Candesartan (Amias) could prove to be an effective agent for migraine prophylaxis, according to the results of a small placebo-controlled study.

The researchers say that the response rate, lack of side effects and absence of drug interactions mean that the angiotensin II receptor antagonist warrants further study in a larger trial. In all, 60 patients aged 18 to 65 years who suffered between two and six migraine attacks per month were randomised to receive either candesartan 16mg or placebo for 12 weeks after a four-week placebo run-in phase. Then, after a second four-week period on placebo, the two groups had their therapies switched for a further 12 weeks.

The main study end point was number of days with headache. Secondary end points included the number of hours with headache, days when migraine was present, total hours with migraine, severity of headache, disability, number of doses of triptans and analgesics, and acceptability of treatment.

On average patients treated with candesartan had 4.9 fewer days with headache than placebo-treated patients (18.5 vs 13.6, P=0.001). Candesartan-treated patients also experienced 36 per cent fewer hours with migraine compared with placebo-treated patients. Headache severity was also reduced among the candesartan group compared with placebo.

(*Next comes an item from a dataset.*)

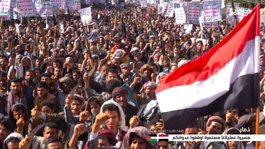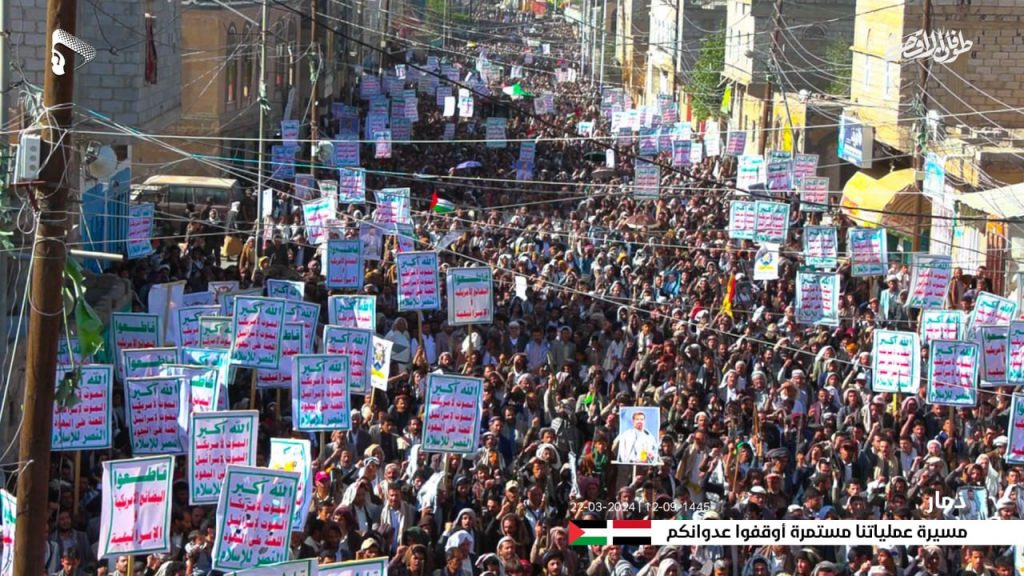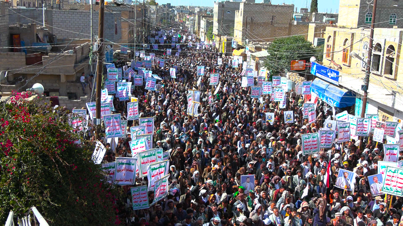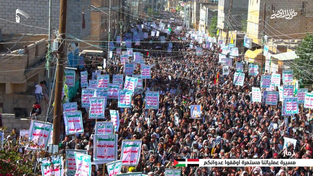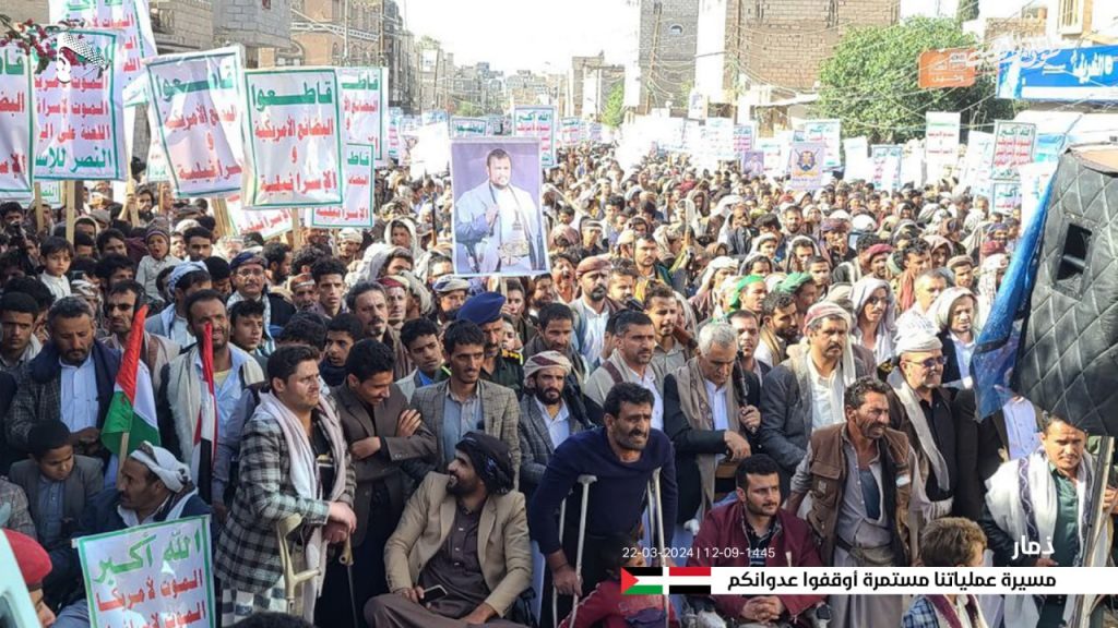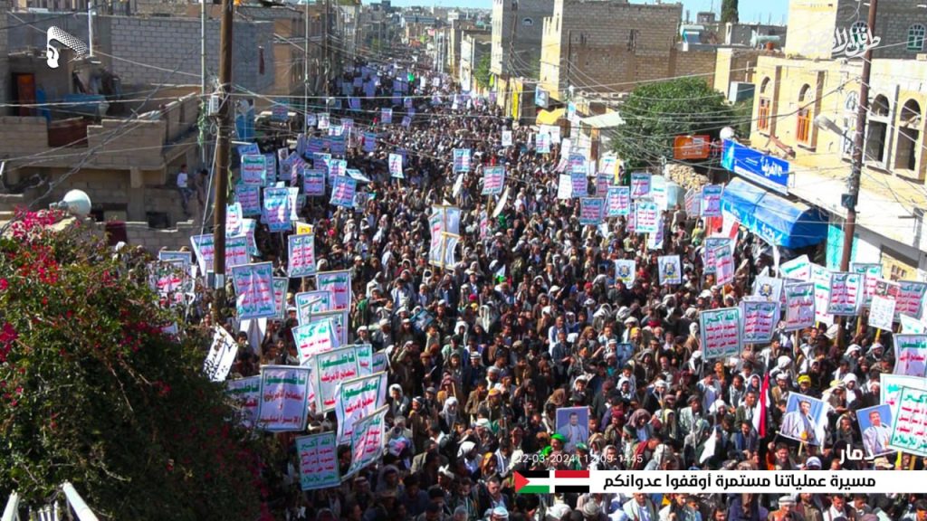 وخلال المسيرة في مدينة ذمار، ردد المشاركون الهتافات والشعارات المنددة باستمرار الجرائم الوحشية والمجازر المدوية بحق الشعب الفلسطيني المظلوم، من قتل، وحصار، وتجويع، وإهانة، وإذلال وامتهان للكرامة الإنسانية، واستباحة للحرمة الآدمية، في ظل صمت دولي، وتواطؤ أممي، وخذلان عربي وإسلامي.

Between 32 and 46 per cent of patients responded to candesartan treatment, defined as at least a 50 per cent reduction on at least one of the efficacy outcomes. Although no mode of action for candesartan as a migraine prophylactic has been proven, the researchers say blocking angiotensin II has several effects relevant to migraine. These include direct vasoconstriction, increased sympathetic discharge and release of adrenal medullary catecholamine.

However, the characteristics of the drug itself "may make it suitable as a migraine prophylactic drug", they write. "In this study the incidence of adverse effects attributable to candesartan was similar to that for placebo, and it has no significant drug interactions," comment the authors.

They add that candesartan does not affect pulse rate and can safely be used in patients with asthma (JAMA 2003;289:65).